#### The problem
Apart from the images, repeat the data below exactly as written.

[Dataset items]
----------

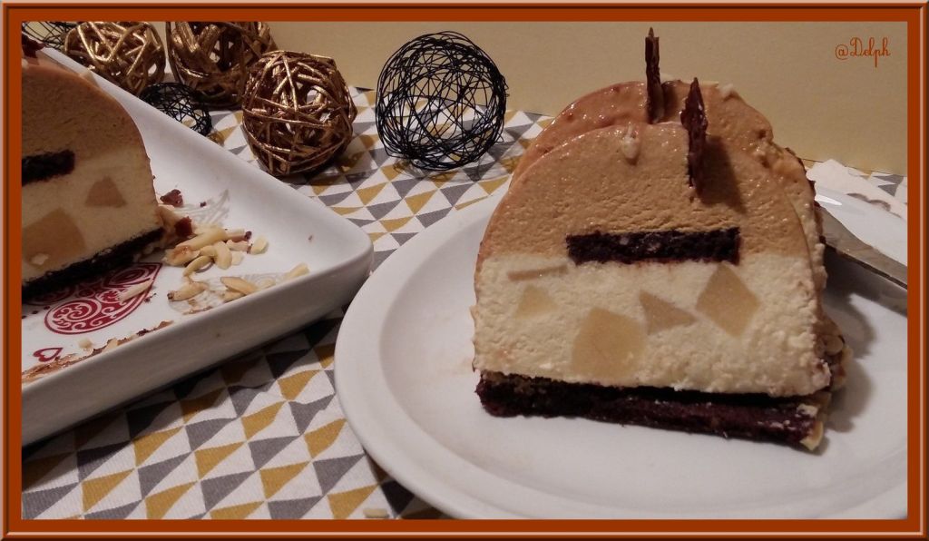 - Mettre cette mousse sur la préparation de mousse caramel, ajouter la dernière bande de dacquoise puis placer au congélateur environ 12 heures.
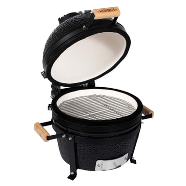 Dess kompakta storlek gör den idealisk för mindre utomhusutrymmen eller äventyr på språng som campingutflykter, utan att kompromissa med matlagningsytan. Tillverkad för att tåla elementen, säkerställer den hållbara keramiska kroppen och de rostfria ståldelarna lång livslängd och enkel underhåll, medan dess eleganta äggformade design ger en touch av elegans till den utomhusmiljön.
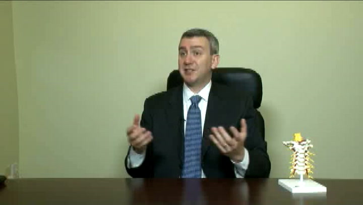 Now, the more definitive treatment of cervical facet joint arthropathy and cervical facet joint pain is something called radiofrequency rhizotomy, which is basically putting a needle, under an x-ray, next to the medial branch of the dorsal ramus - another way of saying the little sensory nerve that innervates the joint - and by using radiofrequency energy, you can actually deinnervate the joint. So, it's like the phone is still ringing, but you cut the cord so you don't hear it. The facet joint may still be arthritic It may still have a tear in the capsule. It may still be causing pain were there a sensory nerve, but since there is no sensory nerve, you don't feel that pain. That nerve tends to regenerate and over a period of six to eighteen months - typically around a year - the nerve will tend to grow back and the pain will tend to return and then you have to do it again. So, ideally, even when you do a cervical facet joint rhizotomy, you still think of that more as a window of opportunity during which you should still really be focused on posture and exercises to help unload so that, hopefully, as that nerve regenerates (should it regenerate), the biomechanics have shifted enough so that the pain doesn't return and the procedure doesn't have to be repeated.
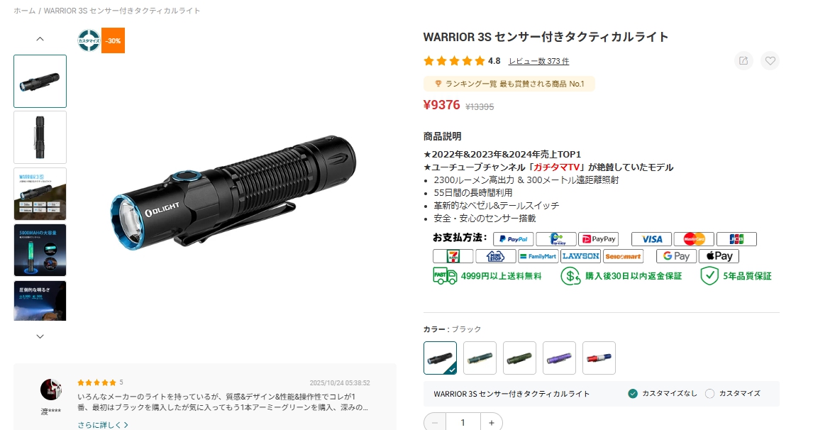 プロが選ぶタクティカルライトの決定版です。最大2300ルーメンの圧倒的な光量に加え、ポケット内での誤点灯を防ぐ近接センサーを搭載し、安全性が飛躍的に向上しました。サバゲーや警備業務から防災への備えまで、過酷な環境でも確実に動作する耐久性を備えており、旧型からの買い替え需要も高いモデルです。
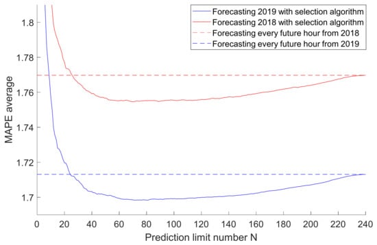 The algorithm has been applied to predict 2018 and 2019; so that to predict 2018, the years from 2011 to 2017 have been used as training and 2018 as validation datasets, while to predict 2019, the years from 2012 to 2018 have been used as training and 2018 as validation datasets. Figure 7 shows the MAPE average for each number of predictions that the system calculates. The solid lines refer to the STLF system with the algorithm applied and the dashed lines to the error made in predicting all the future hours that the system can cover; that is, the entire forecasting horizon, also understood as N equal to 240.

----------

#### Exercise solution
 - Mettre cette mousse sur la préparation de mousse caramel, ajouter la dernière bande de dacquoise puis placer au congélateur environ 12 heures.
 Dess kompakta storlek gör den idealisk för mindre utomhusutrymmen eller äventyr på språng som campingutflykter, utan att kompromissa med matlagningsytan. Tillverkad för att tåla elementen, säkerställer den hållbara keramiska kroppen och de rostfria ståldelarna lång livslängd och enkel underhåll, medan dess eleganta äggformade design ger en touch av elegans till den utomhusmiljön.
 Now, the more definitive treatment of cervical facet joint arthropathy and cervical facet joint pain is something called radiofrequency rhizotomy, which is basically putting a needle, under an x-ray, next to the medial branch of the dorsal ramus - another way of saying the little sensory nerve that innervates the joint - and by using radiofrequency energy, you can actually deinnervate the joint. So, it's like the phone is still ringing, but you cut the cord so you don't hear it. The facet joint may still be arthritic It may still have a tear in the capsule. It may still be causing pain were there a sensory nerve, but since there is no sensory nerve, you don't feel that pain. That nerve tends to regenerate and over a period of six to eighteen months - typically around a year - the nerve will tend to grow back and the pain will tend to return and then you have to do it again. So, ideally, even when you do a cervical facet joint rhizotomy, you still think of that more as a window of opportunity during which you should still really be focused on posture and exercises to help unload so that, hopefully, as that nerve regenerates (should it regenerate), the biomechanics have shifted enough so that the pain doesn't return and the procedure doesn't have to be repeated.
 プロが選ぶタクティカルライトの決定版です。最大2300ルーメンの圧倒的な光量に加え、ポケット内での誤点灯を防ぐ近接センサーを搭載し、安全性が飛躍的に向上しました。サバゲーや警備業務から防災への備えまで、過酷な環境でも確実に動作する耐久性を備えており、旧型からの買い替え需要も高いモデルです。
 The algorithm has been applied to predict 2018 and 2019; so that to predict 2018, the years from 2011 to 2017 have been used as training and 2018 as validation datasets, while to predict 2019, the years from 2012 to 2018 have been used as training and 2018 as validation datasets. Figure 7 shows the MAPE average for each number of predictions that the system calculates. The solid lines refer to the STLF system with the algorithm applied and the dashed lines to the error made in predicting all the future hours that the system can cover; that is, the entire forecasting horizon, also understood as N equal to 240.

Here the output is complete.